Death has followed Signa for most of her life, with one guardian after another keeling over from various causes. But while near, Death cannot touch her. Instead, deadly poisons are swiftly recovered from, wounds heal quickly, and Signa moves on with her somewhat miserable life. But when her most recent guardian dies, some new, wealthy relatives come out of the woodwork. Now living a life she could only have dreamed of before, Signa lives in constant fear that Death will come for this family as well. And when one of the daughters falls ill, Signa is determined to do everything in her power to save her. Even if that means teaming up with Death himself.

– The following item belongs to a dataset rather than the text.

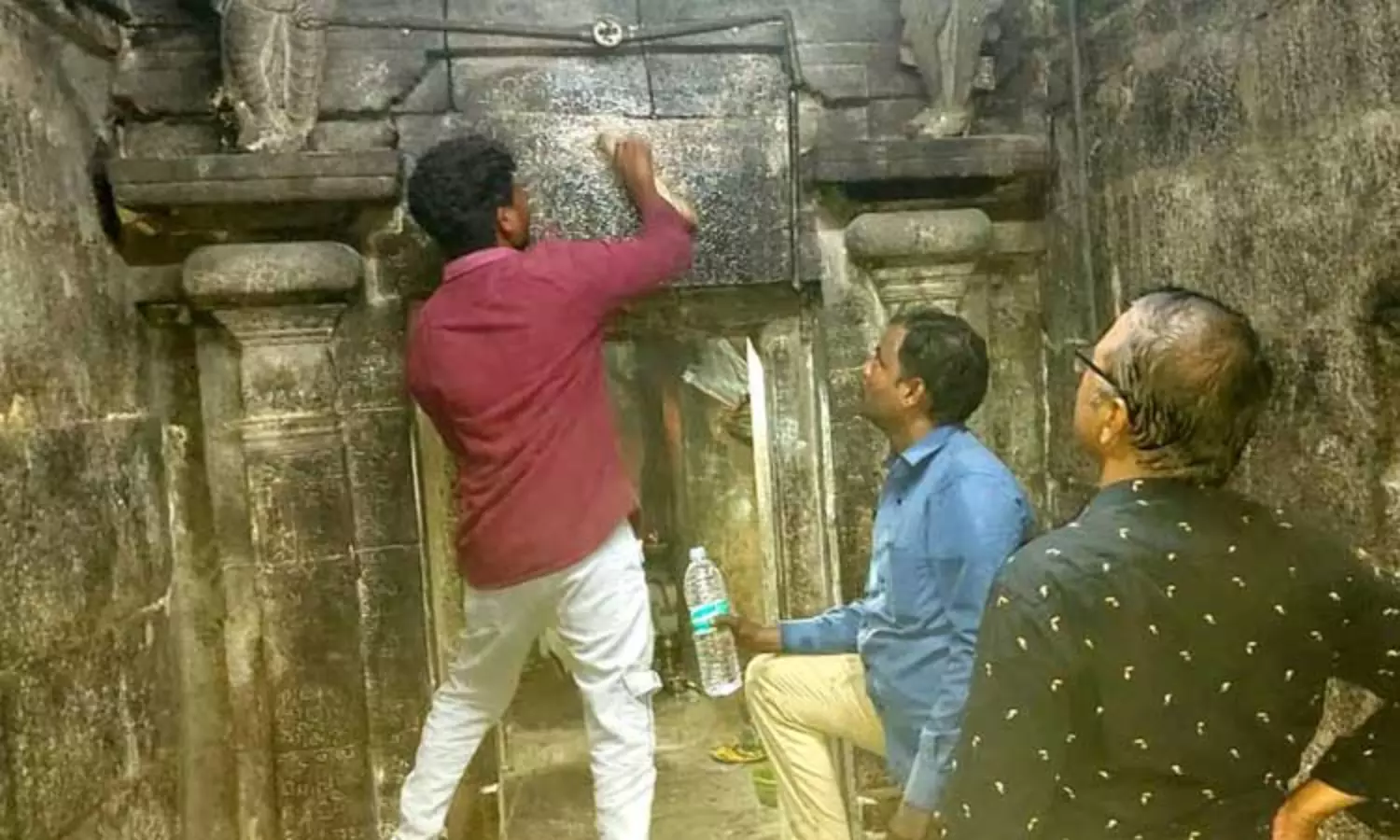 அப்போது கோவிலின் உள்ளே அர்த்த மண்டபத்தின் நுழைவுவாயிலின் மேற்புறம் சுண்ணாம்பு பூசப்பட்ட நிலையில் கல்வெட்டு இருந்ததை கண்டறிந்தனர். இந்த கல்வெட்டு சுவஸ்திஸ்ரீ மதுரை கொண்ட கோப்பர கேசரி என்று தொடங்குகிறது. இதுகுறித்து பேராசிரியர் ரமேஷ் கூறியதாவது:-

This was another one of those books where I knew within the first few pages that I was really going to enjoy it. The writing immediately clicked with me, combining a fairytale-like fantasy story with a humorous and relatable leading lady. As the story continued, I was having such a blast reading it that I began to almost want to slow down my reading experience just to draw it out. That’s how you really know it’s good! In a lot of way, the general style of storytelling very much reminded me of Margaret Rogerson’s work. They both writes stories that have a fairytale feel but that aren’t derived directly from a fairytale itself. Both authors also have excellent leading ladies who are as funny as they are adventurous. And, of course, there are lovely romances at the heart of these stories that check all of my personal preference boxes.

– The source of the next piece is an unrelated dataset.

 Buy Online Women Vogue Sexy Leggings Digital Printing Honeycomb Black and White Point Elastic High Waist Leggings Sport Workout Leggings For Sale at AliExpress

Speaking of the romance, here is another example of a love triangle that really worked for me. I can’t go into any of the details of said love triangle, as that would spoil parts of the book. But I can say that both relationships felt believable and relatable. Signa’s feelings developed in a way that was natural and, as things came to a head, there was no prolonged drama on the “who will she choose” front, one of my biggest annoyances with this type of romance plotline. I also liked all three characters involved in the romance, too. As I’ve mentioned above, Signa is an all around great leading lady. But I really enjoyed Death and Sylas as well. Death, in particular, was an interesting character as he was speaking to a new experience in a millennia of sameness. Through his eyes, we also delved into the different ways that people think of and experience death and the afterlife.

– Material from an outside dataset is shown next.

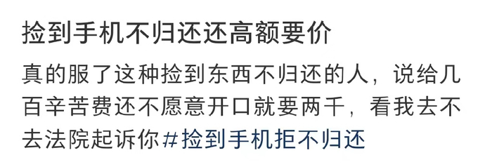 现实生活中,此类事件也并不罕见。如曾有媒体报道“大妈捡到手机,向失主索要500元才归还”“有人捡到手机后向失主索要1000元辛苦费”……法治网记者在社交平台上也发现了不少“丢失物品找回后被索要钱财”的情况。

I also really liked the mystery and fantasy elements in the story. What could have started out as a very simple “power,” the ability to live through deadly events, instead branched out into new and interesting avenues. These plot lines not only opened up new doors into what Signa’s abilities signify about herself, but also forcer her to grapple with truly understanding herself and adjusting the life she has imagined of herself. For its part, the mystery also took up a significant portion of the story. While I found a few of these elements to be a bit predictable, there were others that legitimately took me by surprise. For one thing, the story definitely didn’t shy away from some of the creepy imagery that would come with an ability like Signa’s to see and interact with ghosts. There are some very “Sixth Sense” vibes, but in all of the best ways.

This book was such a great surprise! Even more than picking up books by tried and true favorite authors, it’s simply the best to open a book with zero expectations and find yourself on an amazing ride. This book is definitely of the kind of “beach read” fantasy that is light-hearted, fun, and sure to appeal to fantasy readers who are simply looking to kick back their heels and be swept along.

Rating 9: Sweetly romantic, adventurous, and even creepy at times, this book has it all!

Reader’s Advisory:

“Belladonna” isn’t on any Goodreads lists yet, but it should be on Fairytale Fantasy Books.